Neuroprotective effects of scallop-derived plasmalogen in a mouse model of ischemic stroke

Feng T, Hu X, Fukui Y, Tadokoro K, Bian Z, Morihara R, Yamashita T, and Abe K. (2021) Neuroprotective effects of scallop-derived plasmalogen in a mouse model of ischemic stroke. Brain Research

Ischemic stroke results from an obstruction in a vessel supplying blood to the brain, preventing the brain from receiving oxygen. Typically, there is a very small window of time in which a person must seek medical help to minimize as much brain damage as possible after an ischemic event. Depending on the region affected by the obstruction, an ischemic stroke can cause paralysis or numbness, confusion, vision issues, dystonia, alexia, and agnosia to name a few. Inflammation and oxidative stress can further disrupt the neurovascular unit, therefore plasmalogens have been suggested as a potential ischemic stroke treatment. Plasmalogens are a class of phospholipid that contains a vinyl-ether bond at sn-1, giving these lipids unique roles in cells in membrane composition, membrane fusion, and preventing oxidative stress. With previous work showing plasmalogen supplementation reduced neuroinflammation and β-amyloid accumulation, and improved cognition in Alzheimer disease patients, Feng et al were interested in investigating the effect of scallop-derived plasmalogen administration in a mouse model of ischemic stroke, with focus on its effects on behavior, oxidative stress, and inflammation.

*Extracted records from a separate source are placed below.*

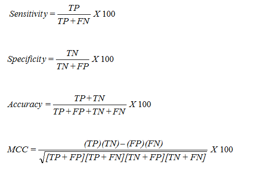 Classifier | Input feature | Threshold | Sensitivity | Specificity | Accuracy | MCC |
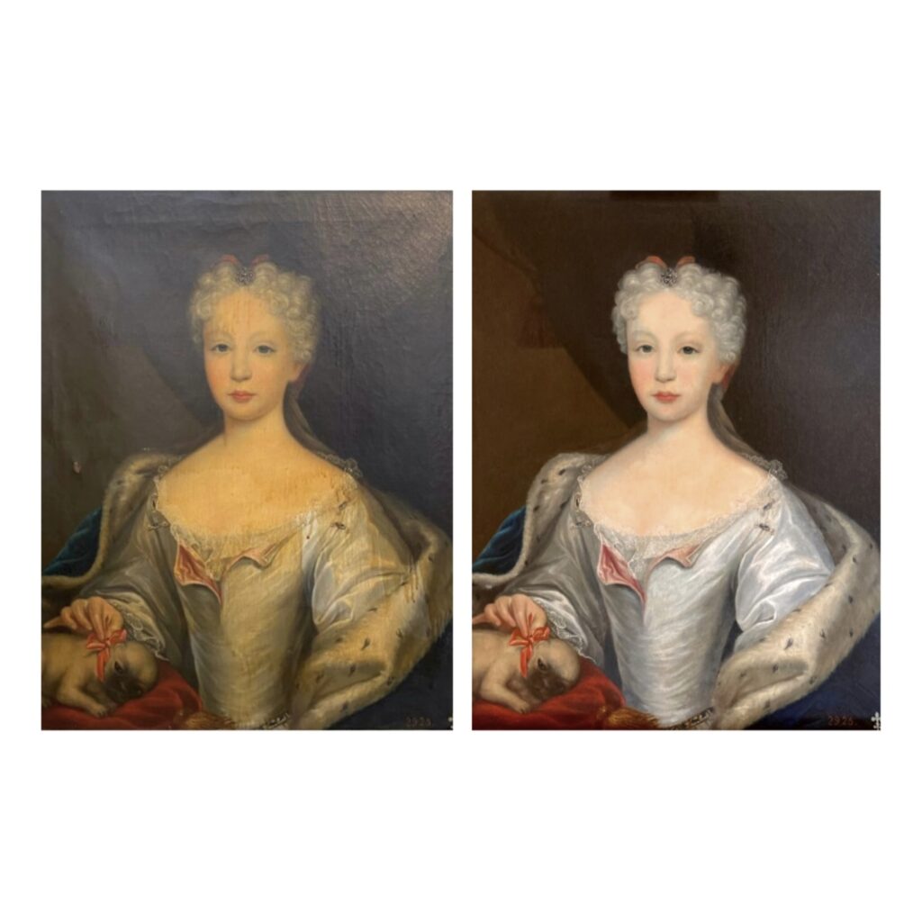 Portrait de Maria-Barbara de Bragança : dégagement d’un jus jaunâtre au dessus du vernis
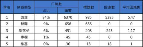 由下表一可看出時尚產業口碑的頻道類型,第一名與其他產業的頻道類型大致相同,皆以「論壇」為主要的口碑來源,共有6,370筆討論數,占比高達全部頻道類型的84%,平均回應數5.47也是其中最高的,反映出論壇屬於眾人分享訊息、討論交流的平台。
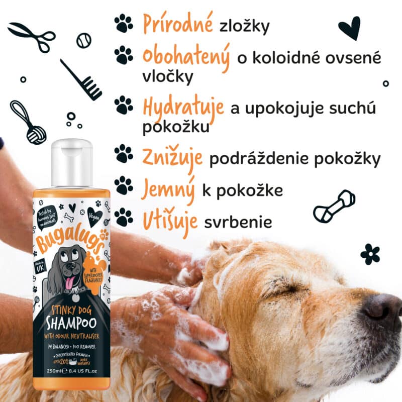 Odporúčame kombinovať s naším Bugalugs dezodorant pre psov – Stinky Dog 200 ml
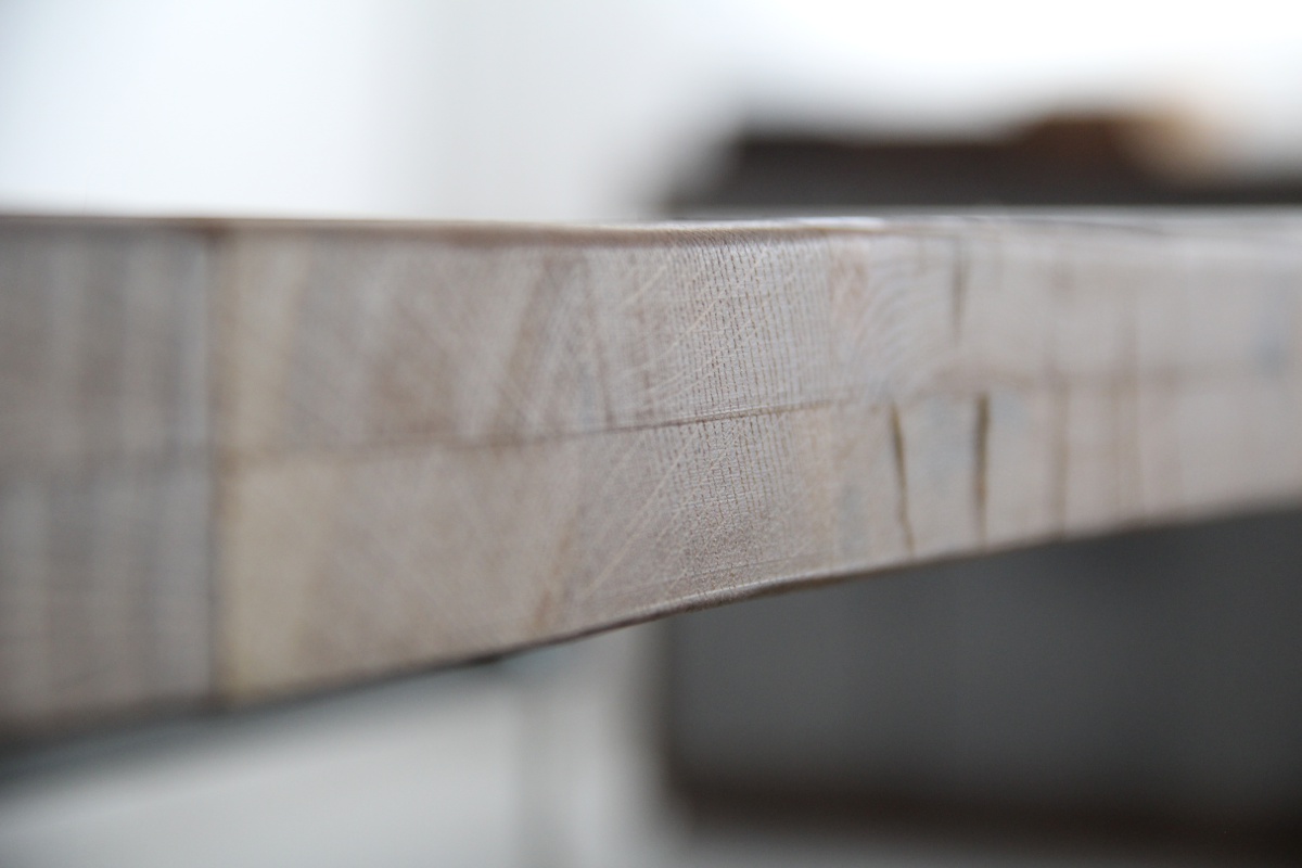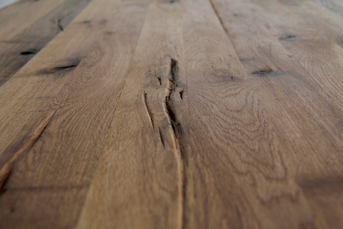 Asztallap anyaga: rusztikus jellegű tömör tölgyfa (természetes repedésekkel, görcsökkel)
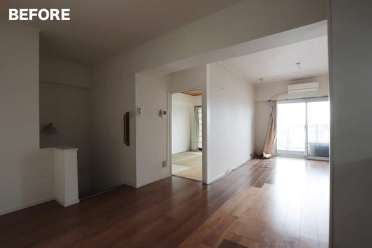 舞台となったのは、築57年のマンション。2LDKのメゾネット住戸で、各部位は比較的新しく機能面としては継続使用が可能な状態でありながらも、断片的なリフォームにより意匠の統一性を欠いていました。現場の職人のアイデアやスキル、コンセプトへの共感を軸に、既存内装建材、設備を撤去せずに活用する手法を見出しながら、全体を再構築。解体による廃棄物や下地の再制作費用を軽減すると同時に、スケルトンを前提としない新たなリノベーション手法を見出しました。

The ischemic stroke model was produced through 60 minutes of transient middle cerebral artery occlusion (tMCAO). The goal was to determine the impact of pretreating animals for 14 days with plasmalogen (10 mg/kg/day) on functional outcomes five days after tMCAO. Researchers used the Bederson’s score to detect neurologic defects, while the corner test and rotarod test were used to analyze motor function. Bederson’s score was not different between the vehicle group and the plasmalogen treated group 5 days after tMCAO. In the corner test, mice were scored on which direction they turn when placed into a corner throughout 10 trials. If there are no unilateral abnormalities, the mouse should turn to either side equally. During this test ischemic mice were found to preferentially turn towards the non-injured side (~7 out of 10), but plasmalogen administration was able to significantly improve this (~5 out of 10), suggesting that the plasmalogen treatment reduced deficits caused by tMCAO. As well, latency in the rotarod test was significantly improved with plasmalogen administration.

To determine whether the plasmalogen treatment had an effect on oxidative stress, immunohistochemistry of the brain staining for a lipid peroxidation marker, 4-HNE (4-hydroxynonenal), and a nucleic acid peroxidation marker, 8-OHdG (8-hydroxydeoxyguanosine) were analyzed. Five days after tMCAO both markers were found in the peri-infarct fields, the area around the region of cell death, in the vehicle treated animals (~110 cells/0.5 mm^2 and ~80 cells/0.5 mm^2, respectively), but the plasmalogen supplemented group showed fewer 4-HNE and 8-OHdG positive cells (~90 cells/0.5 mm^2 and ~60 cells/0.5 mm^2, respectively), suggesting that the plasmalogen treatment reduced oxidative stress. Immunohistochemistry was also used to investigate neuroinflammatory markers such as the microglia marker Iba-1, pro-inflammatory cytokines IL-1β and TNF-α, and an anti-inflammatory cytokine IL-10 in the peri-infarct areas 5 days after tMCAO. The vehicle treated group had significantly higher number of cells per 0.5 mm^2 positive for Iba-1, IL-1β, and TNF-α compared to the group that was supplemented with plasmalogens (Iba-1: ~65 compared to ~45; IL-1β: ~75 compared to ~45; TNF-α: ~65 compared to ~40).

Feng et al wanted to determine if plasmalogen supplementation would be a suitable treatment option for protecting the brain from damage caused by an ischemic stroke. They found that compared to the vehicle treated group, the plasmalogen treatment recovered the unilateral abnormalities seen in the corner test and reduced motor function deficits through increased latency but showed no improvement in the Bederson’s score. As well, the plasmalogen treatment reduced markers for oxidative stress and neuroinflammation compared to the vehicle group. As oxidative stress and inflammation are processes known to also damage the neurovascular unit and further exacerbate the effects of ischemic stroke, a treatment that can mitigate this damage could be very beneficial. The present study investigated the effectiveness of a plasmalogen pre-treatment, suggesting that prophylactic use of a plasmalogen treatment may reduce the impairments seen in patient’s following a stroke. More work looking at the ability of plasmalogen supplementation to recover any damage from an ischemic event after it occurs would be very interesting and perhaps more clinically useful.